As a young woman, jewelry shop owner Robin Lindberg was dubbed the Queen of Heirs when she inherited a trove of estate jewelry from a wealthy aunt in New Orleans, the sort of woman who would assuage the travails of a bad day by spending $5K on a ring. Years of training and education later, Lindberg used that windfall as the cornerstone inventory of her now-thriving downtown Bellaire shop. (The little pink house on Locust is her second location.) Estate jewelry is Lindberg's passion, and it shows — and not just in the fairly priced wares in her meticulously curated display cases. Even on days she's suffering from a migraine, Lindberg's eyes light up when talking about, as she frankly terms it, "dead people's jewelry." And somehow, it seems more romantic to buy your loved one a ring from a marriage that lasted until death did its part rather than one that is new and untried. (Plus, in buying vintage or antique stones, you fair-trade types don't have to worry about that whole blood-diamond nightmare.) And as with Cadillac cars, heavyweight boxing champs and sweet soul music, engagement rings are one of those things they just don't make like they used to.

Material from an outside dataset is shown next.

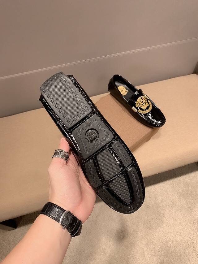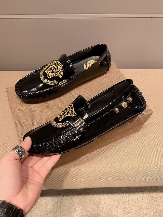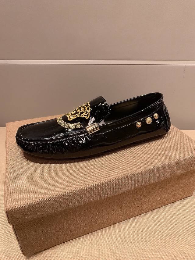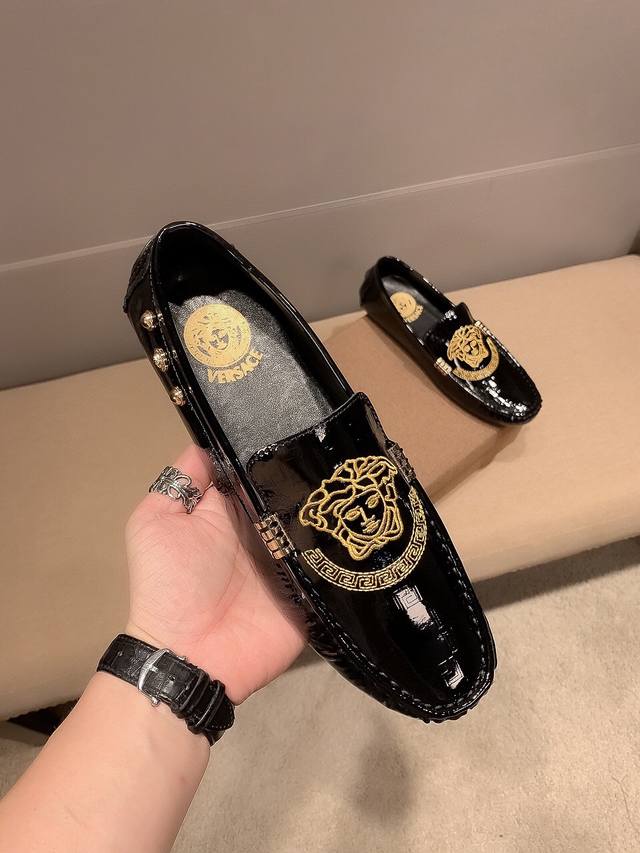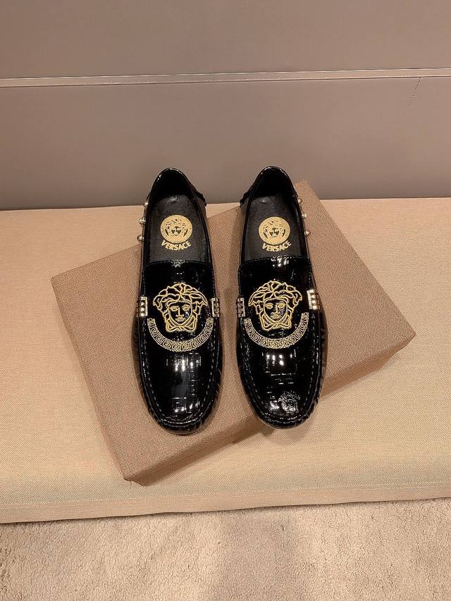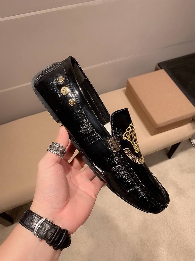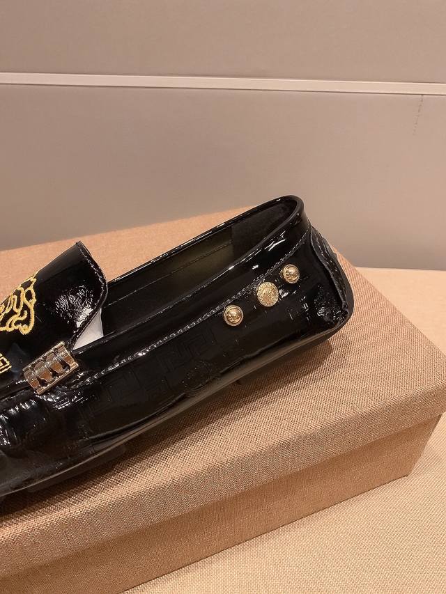 范思哲不同凡响,惊世骇俗,又一杰作,范思哲 Versace 创造了一个独特的时尚帝国,风靡全球。鞋面采用进牛皮+绣范思哲品牌花+侧边三颗范思哲品牌金属扣,超美大

Bedrock City Comic Company - Westheimer

Bedrock City Comics boasts four Houston-area locations, covering every comic book devotee from Clear Lake to FM 1960 and all points in between with stacks and stacks of inked tales. There's also a selection of collectibles in each store that will make your inner child salivate with glee, and the online store is also addicting. Right now we have our eyes on a vintage Batman toy. We can skip rent if what we buy with the money is cool, right? Be sure to join the membership roster to get discounts and sneak peeks at new stuff. It's like being in the Justice League, only your superpowers are saving money.

Vinal Edge
Photo by Daniel Kramer

It may be a drive for the average Inner Looper, but to vinyl fetishists and people looking for undiscovered gems, North Houston's Vinal Edge is a worthy weekend road-trip destination. Just be sure to save some dough for gas money. Housed inside a nondescript shopping center on Veterans Memorial are thousands of LPs, discs, posters and other assorted musical nuggets ready for your plundering. Texas singer-songwriter Daniel Johnston is a devoted shopper here, sometimes trading a few of his new art pieces and drawings for a handful of records. If you can't make the drive, the entire inventory is also online.

Say you have a pet in crisis, or one with special needs — maybe an elderly rescue fraught with medical problems, some of which require surgery. Forget all the Aggie jokes you've ever heard or told and head straight to the Small Animal Clinic at Texas A&M, where on any given day, Houstonians can be found in the waiting room. It's a drive, but not much more so than across Houston during rush hour. It's also expensive, but this is the place that trains all the other vets, so why not go straight to the source? (You can pay it out, and they're not profit-crazy.) The neurological team is stellar — our precious bundle was walking the day after spinal cord surgery. Precious Bundle is still walking, by the way...and running, happily.